* **REQUIRED WORK**
For the material below, the expected output is exactly the lines between the line holding "MRGL-160隔離開關資質證書" and the line holding "Çarpışmanın etkisiyle yere", inclusive, with pictures left out.

* **SOURCE MATERIAL**
- - -

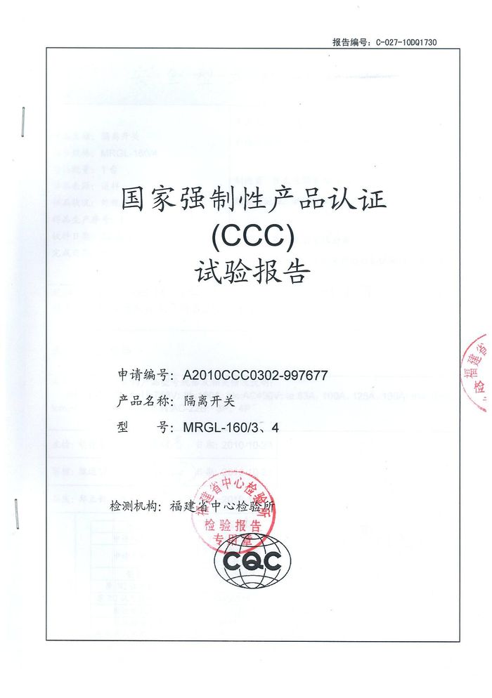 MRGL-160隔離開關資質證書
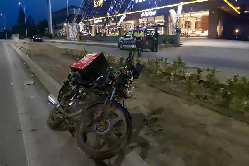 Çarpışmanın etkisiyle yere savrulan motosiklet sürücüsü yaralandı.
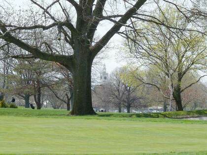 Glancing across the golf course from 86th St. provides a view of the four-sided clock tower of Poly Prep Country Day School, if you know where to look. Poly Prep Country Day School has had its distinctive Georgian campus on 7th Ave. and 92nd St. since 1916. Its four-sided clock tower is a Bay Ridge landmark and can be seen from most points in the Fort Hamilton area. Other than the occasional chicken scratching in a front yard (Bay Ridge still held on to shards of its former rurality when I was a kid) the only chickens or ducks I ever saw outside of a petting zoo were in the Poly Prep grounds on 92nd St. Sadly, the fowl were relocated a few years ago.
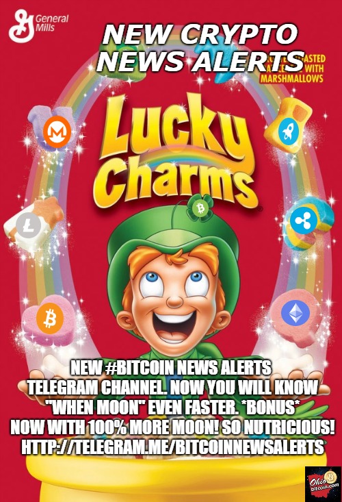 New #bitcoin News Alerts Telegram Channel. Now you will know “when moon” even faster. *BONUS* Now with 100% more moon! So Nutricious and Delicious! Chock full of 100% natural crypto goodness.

- - -

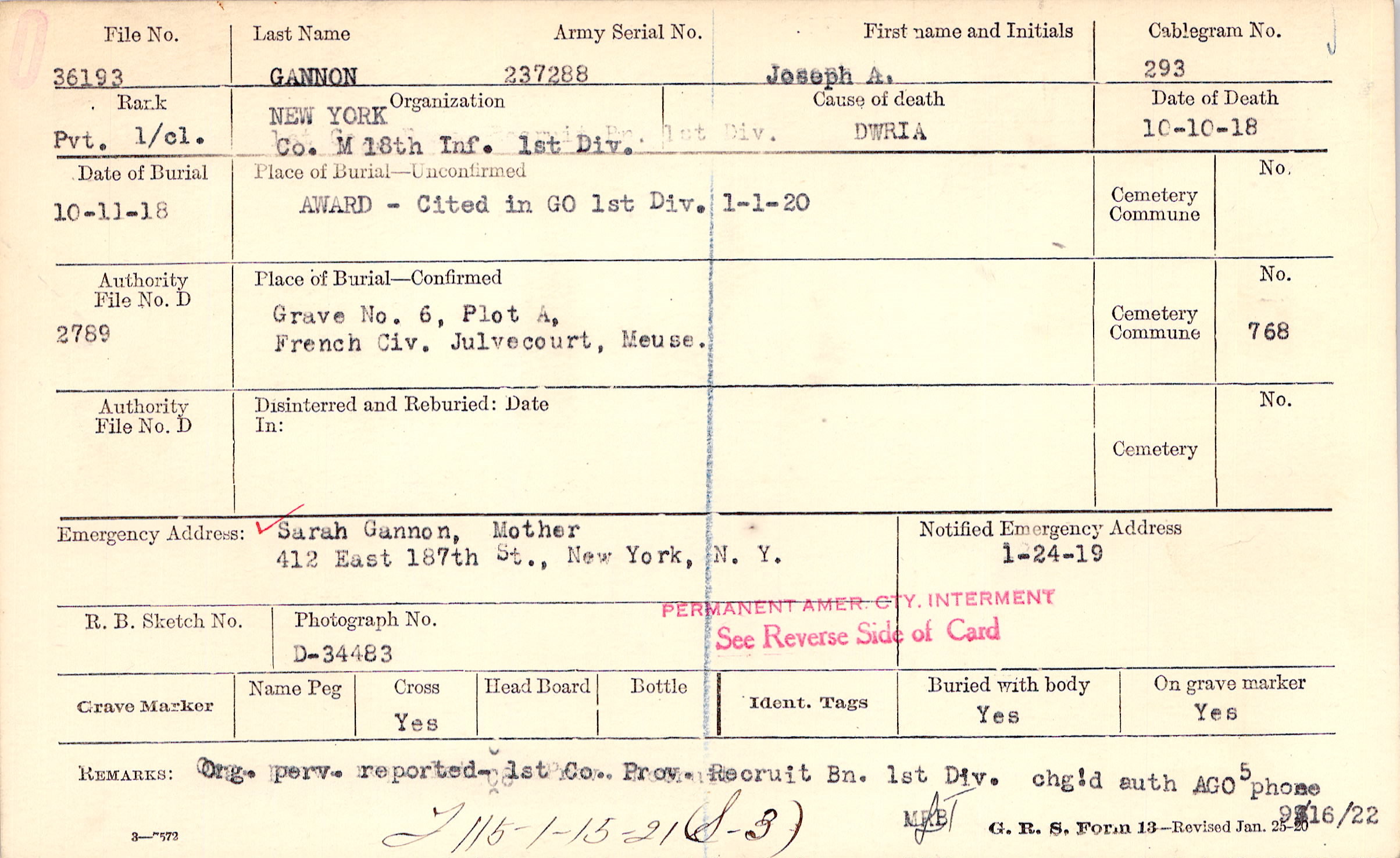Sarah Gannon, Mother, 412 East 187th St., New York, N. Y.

- - -

* **TASK OUTPUT**
 MRGL-160隔離開關資質證書
 Çarpışmanın etkisiyle yere savrulan motosiklet sürücüsü yaralandı.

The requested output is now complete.